Ketika Kristian sibuk menaikkan koper, Harry menyikut Pamungkas.
“Daddy—”
“Ssst!” desis Pamungkas
segera, memelotot. “Jangan panggil Daddy.”
Harry memutar bola mata. “Bapak Pamungkas,” ralatnya, “surat deklarasi
barang-barang saya sudah siap belum?” Harry mengedipkan mata.
“Udah. Kamu daftarin aja bagasi kamu.” Pamungkas mengeluarkan selembar
surat dari dalam jasnya.
“Termasuk konfeti?”
“Iya.”
Ketika giliran Harry memasukkan bagasi, Pamungkas menemaninya.

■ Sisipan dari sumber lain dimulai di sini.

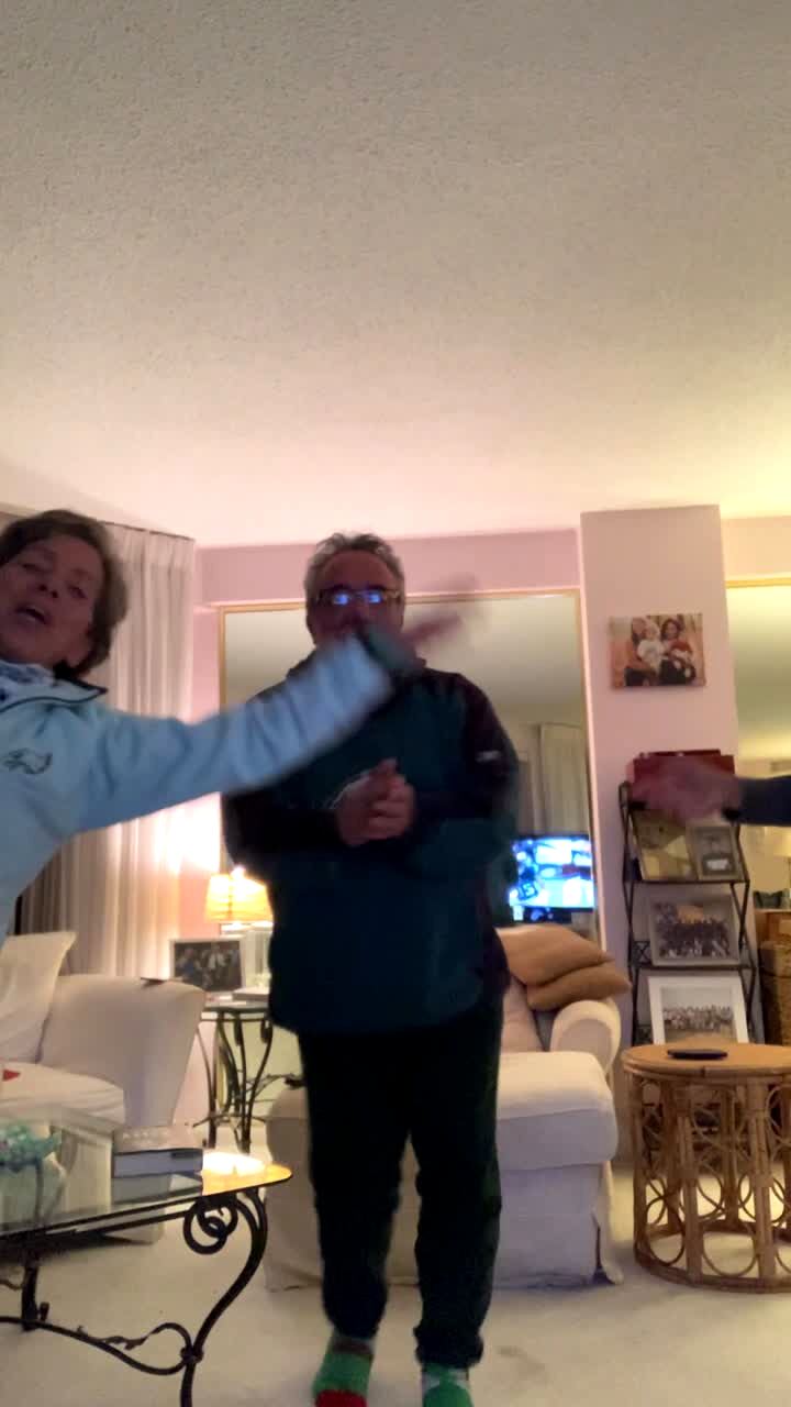 A woman and two men sing a song about the Eagles football team and one man picks up the woman and she kicks her feet in the air and she lets go and she falls on the floor and they stop in the living-room.

Petugas check in menyapa Harry dengan senyum
lebar, “Ah, hello again! Did you get what
you need?”
Harry mengangguk. “Yes, I did! Here’s
my current declaration letter.” Harry menyikut Pamungkas di sampingnya.
“Let me see,” tanya
petugas perempuan itu seraya mengambil surat dari tangan Pamungkas. “Okay, then. But we still need to check this
visually, alongside scanning.”
“Ripper!” Harry memberikan
jempol. Petugas check in membuka isi
koper Harry dan meminta satu petugas TSA bandara untuk mengeceknya bersama.
Dalam penerbangan ini, Harry membawa beberapa barang terlarang seperti konfeti.
Ini bukan konfeti miliknya, sebenarnya. Pamungkas punya ide merayakan
kesuksesan The Flying Paradise dalam
perjalanan nanti. Biasanya dalam penerbangan komersial, konfeti tidak diizinkan
berada di kabin maupun di bagasi terdaftar. Karena ini hanya penerbangan feri
dan Pamungkas punya alasan kuat mengapa harus membawanya, dia mendaftarkan beberapa
barang berbahaya ke otoritas setempat.
Selain konfeti, ada juga botol-botol makeup
dan produk kecantikan berisi cairan di atas 100 ml pesanan teman-temannya di
Indonesia, makeup prostetik dari
bahan silikon untuk pesta kostum di Jakarta saat selebrasi The Flying Paradise (karena Harry ngotot ingin menjadi
Frankenstein), snow globes berlatar
Seattle untuk oleh-oleh anaknya, vaping
devices, pepper spray asli
Amerika karena di Indonesia jarang yang jual, dan juga beberapa benda tajam
seperti perkakas untuk berkebun.
Dalam penerbangan komersial, semua benda itu tidak boleh diangkut ke
dalam pesawat. Pamungkas rela mendatangi TSA
official setempat untuk melaporkan benda-benda itu agar diizinkan terbang
dengan alasan tertentu.
Hanya saja, Pamungkas tak ingin ketahuan perusahaan membawa
barang-barang berbahaya itu. Selain alasan pajak, dia juga tak mau diaudit
perusahaannya tentang barang-barang berbahaya dalam penerbangan. Kecuali barang
ini dibawa tamu, bukan dirinya, pasti tak masalah.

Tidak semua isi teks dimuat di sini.